*** Opening SOURCE DATA ***

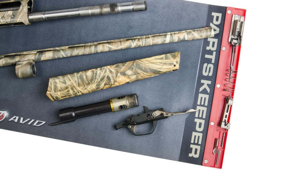 Tapis de démontage arme longue comprenant : un tapis de nettoyage rembourré de 110 cm x 40 cm et porte pièces.
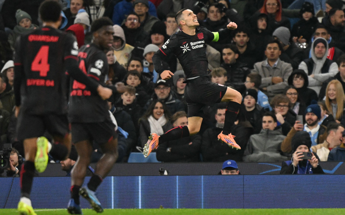 Grimaldo celebra gol marcado pelo Bayer Leverkusen sobre o Manchester City, no Etihad StadiumOli Scarff / AFP
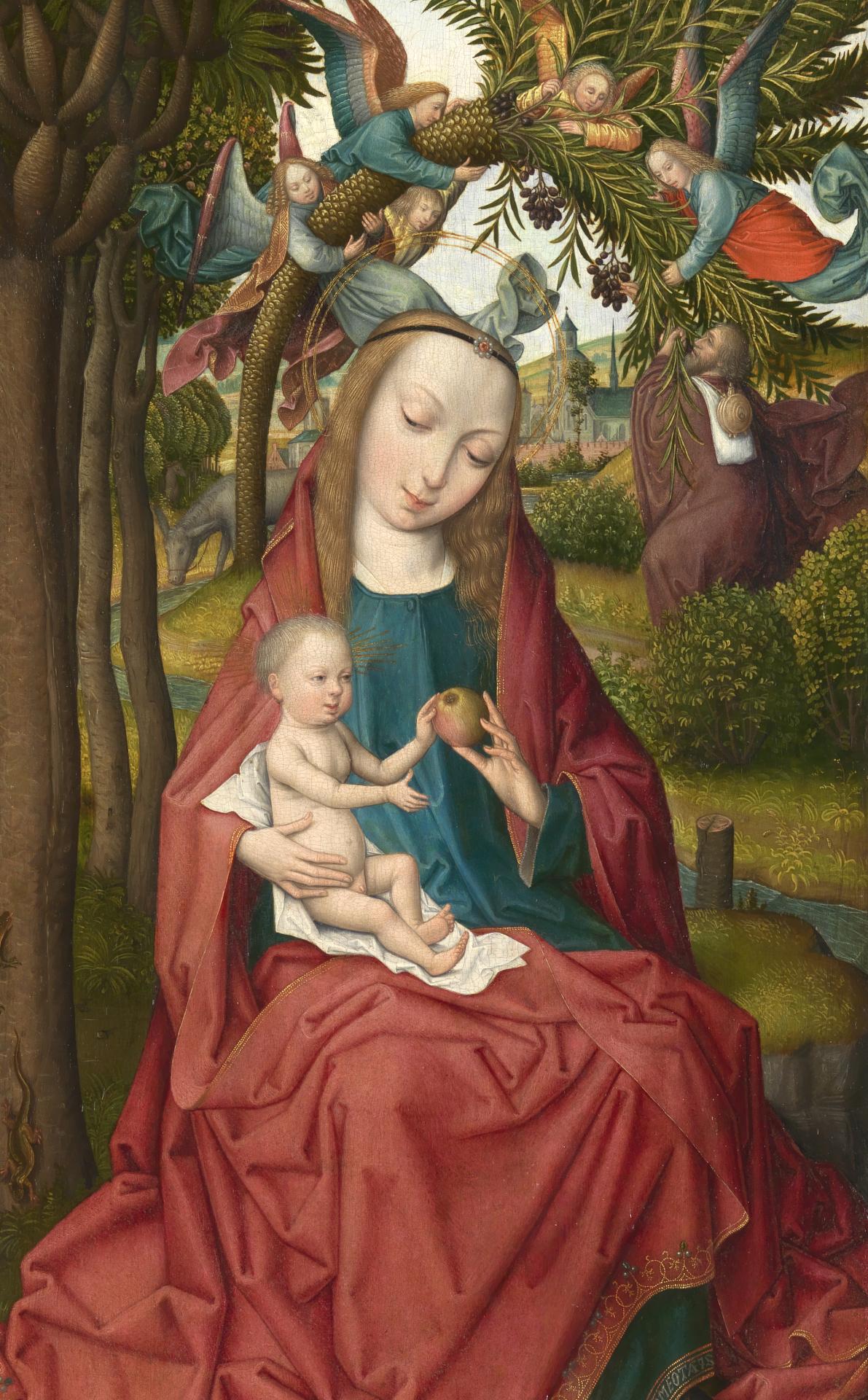However, the format and manner of presentation, which are different in the two works, make a more thorough comparison difficult. This is particularly the case because in the Melbourne wing the landscape occupies a very important place in the composition, which has been inspired (in terms of the angels on the date palm, the dragon tree, and the motif of St Joseph and the ass) by a Martin Schongauer engraving dating from around 1470.32See Le Beau Martin: Gravures et dessins de Martin Schongauer (vers 1450–1491) (exh. cat.), Musée d’Unterlinden, Colmar, 1991, pp. 264–5.
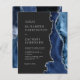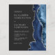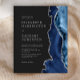 The right edge of this elegant modern wedding invitation features a navy blue watercolor agate border trimmed with faux silver glitter. The customizable text combines silver grey serif, copperplate and italic fonts on a slate black background. The reverse side features a matching navy blue and silver agate design.

*** Closing SOURCE DATA ***

TASK PROMPT – Without the pictures, transcribe exactly the lines above from the one containing "However, the format" through the last.

SOLVED EXERCISE –
However, the format and manner of presentation, which are different in the two works, make a more thorough comparison difficult. This is particularly the case because in the Melbourne wing the landscape occupies a very important place in the composition, which has been inspired (in terms of the angels on the date palm, the dragon tree, and the motif of St Joseph and the ass) by a Martin Schongauer engraving dating from around 1470.32See Le Beau Martin: Gravures et dessins de Martin Schongauer (vers 1450–1491) (exh. cat.), Musée d’Unterlinden, Colmar, 1991, pp. 264–5.
 The right edge of this elegant modern wedding invitation features a navy blue watercolor agate border trimmed with faux silver glitter. The customizable text combines silver grey serif, copperplate and italic fonts on a slate black background. The reverse side features a matching navy blue and silver agate design.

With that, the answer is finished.